Begay’s NB3 Foundation: Not Just Throwing Money at the Issues in Indian Country
Notah Begay III has been able to dream big, hold himself accountable and still be able to walk in harmony.
The former PGA Tour winner and broadcaster is making a difference in Indian Country. His NB3 Foundation has piloted and evaluated comprehensive physical fitness and health programs, serving more than 17,000 Native youth and families to help reverse the onset of diabetes in Indian communities. NB3 has also launched its national initiative, Native Strong: Healthy Kids, Healthy Futures. The initiative focuses on research, grantmaking and advocacy across Indian Country, and has provided seed money to Native communities in six states.
Begay is quick to point out the objective is not to just throw money at the issues, but to join forces with Native communities to overcome health issues, educational difficulties and help with meaningful change in Indian Country.
“This is a collective effort that’s going to require a buy-in from the top down, from leadership to community members to external organizations to the children,” Begay told ICTMN. “It’s not going to be the history of outside entities coming in and telling tribes what to do and once the money runs out, the program’s gone.

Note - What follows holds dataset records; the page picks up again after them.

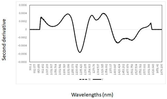 Average second derivative near-infrared spectra of black soldier fly larvae samples analyzed comparing the different aluminum foil (N: with aluminum foil; Y: with aluminum foil).
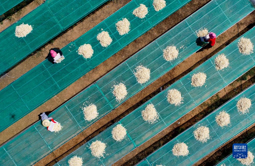 8月21日,工人在鄂托克前旗城川鎮一家副食品公司晾曬白蘿卜條(無(wú)人機照片)。
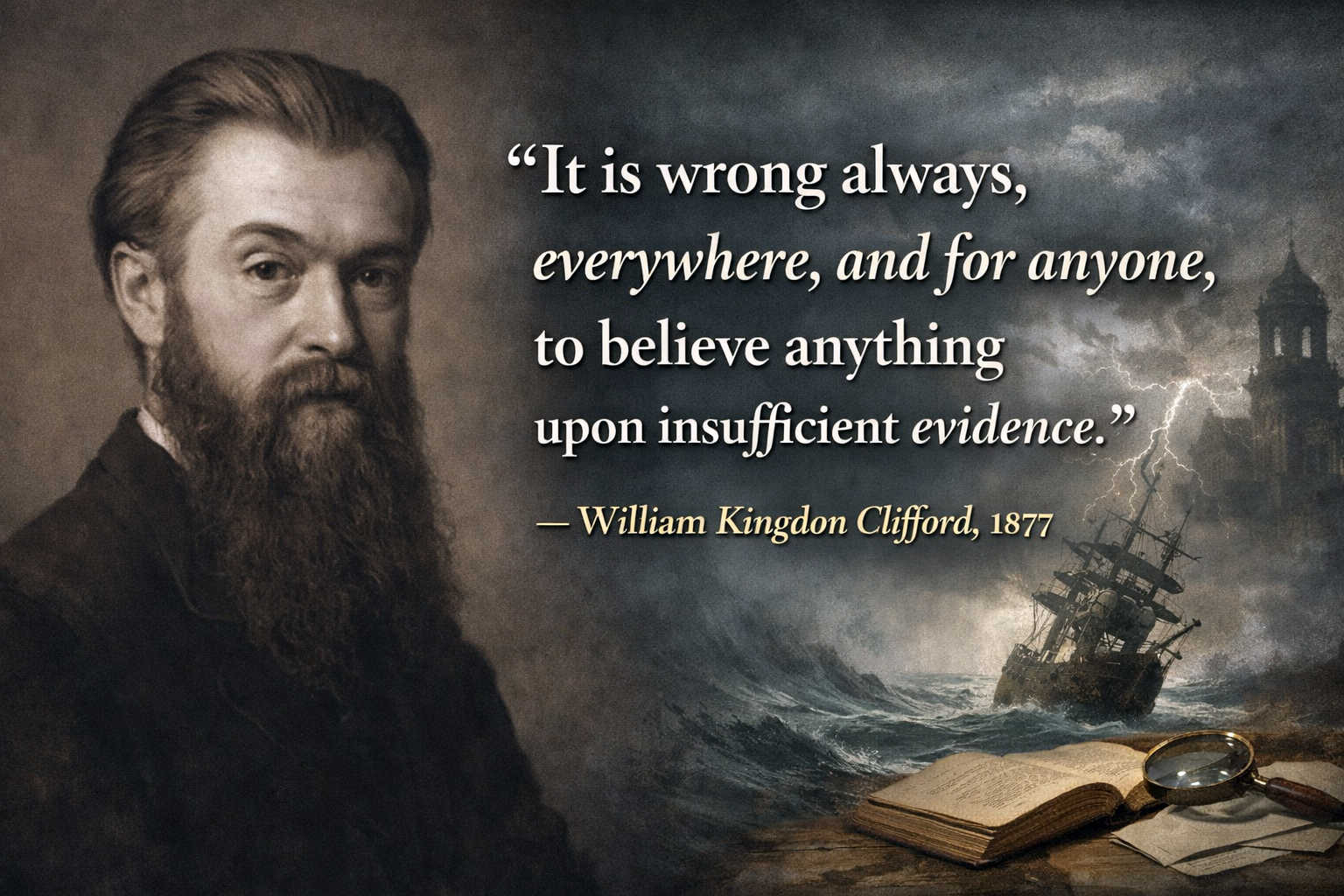 William Kingdon Clifford was a British mathematician and philosopher who lived from 1845 to 1879. He died young, at just 33, but left a lasting mark in both mathematics and philosophy. He worked on geometry and the nature of space, and Britannica notes that some of his ideas about matter and spatial curvature foreshadowed later themes in Einstein’s general relativity. So Clifford was not a minor scold wagging his finger at belief. He was a serious mind, cut short early, whose thinking reached across science, mathematics, and philosophy.

Our intent is to go in and educate the community on how to help themselves. It’s time to stop relying on others to solve our problems. It’s time to hold ourselves accountable for the health of individuals and the health of the community.”

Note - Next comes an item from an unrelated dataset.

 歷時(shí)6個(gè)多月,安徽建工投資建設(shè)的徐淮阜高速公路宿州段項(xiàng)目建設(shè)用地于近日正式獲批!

There are varying degrees of economic development across Indian Country. Some tribes are doing extremely well; some are middle-tier tribes with gaming and business. Others rely heavily on government assistance to survive, but health, educational, and social issues are a common thread throughout.
Childhood obesity, type 2 diabetes, and susceptibility to chronic illness are the same whether a child (or adult) is from a wealthy community or a poor community. There’s no distinction, the numbers are virtually identical Begay said.
“I don’t want to create the welfare mentality because that’s what is happening right now. We’re expecting other people to help us,” he said. “What I am requesting is that tribes get behind our organization because we have established a track record of success. If we had access to a consistent source of funding from tribal sources, I think we could do even better. But more importantly, it would demonstrate to the rest of the world that Indian people are advocating for their own. We’re taking care of ourselves.”
Over the past 12 months, the NB3 Foundation has started a new initiative which compiles data from successful programs throughout Indian Country with the help of grant money.
“We’re giving out $300,000 to $500,000 a year to upwards of 20 different communities across the country to try and figure out what’s working and why.” Begay said. “If our children develop a healthier mindset from the beginning, they won’t have to rely on the health care system that you see on many reservations.”
“Many of our communities don’t have access to full-service grocery stores, but almost all have access to travel centers or markets that are owned by the tribe,” he said. “It wouldn’t be too much of a stretch to ask our tribal leaders to start filling the shelves with healthier options. The second component to that is to educate our kids about what they’re putting into their bodies. Soda, energy drinks, sports drinks are not good for you. If you look at the sugar rate per serving, kids are ingesting hundreds of grams of sugar on a daily basis. It’s a wonder they’re not developing type 2 diabetes by the time they’re 12 years old.”
Growing up Begay, Navajo/Pueblo, learned cultural identity from his mother. His father was instrumental in developing a good work ethic in whatever he wanted to pursue. Coaches along the way gave him the encouragement to dream big to go to Stanford University and compete at the NCAA Division I level.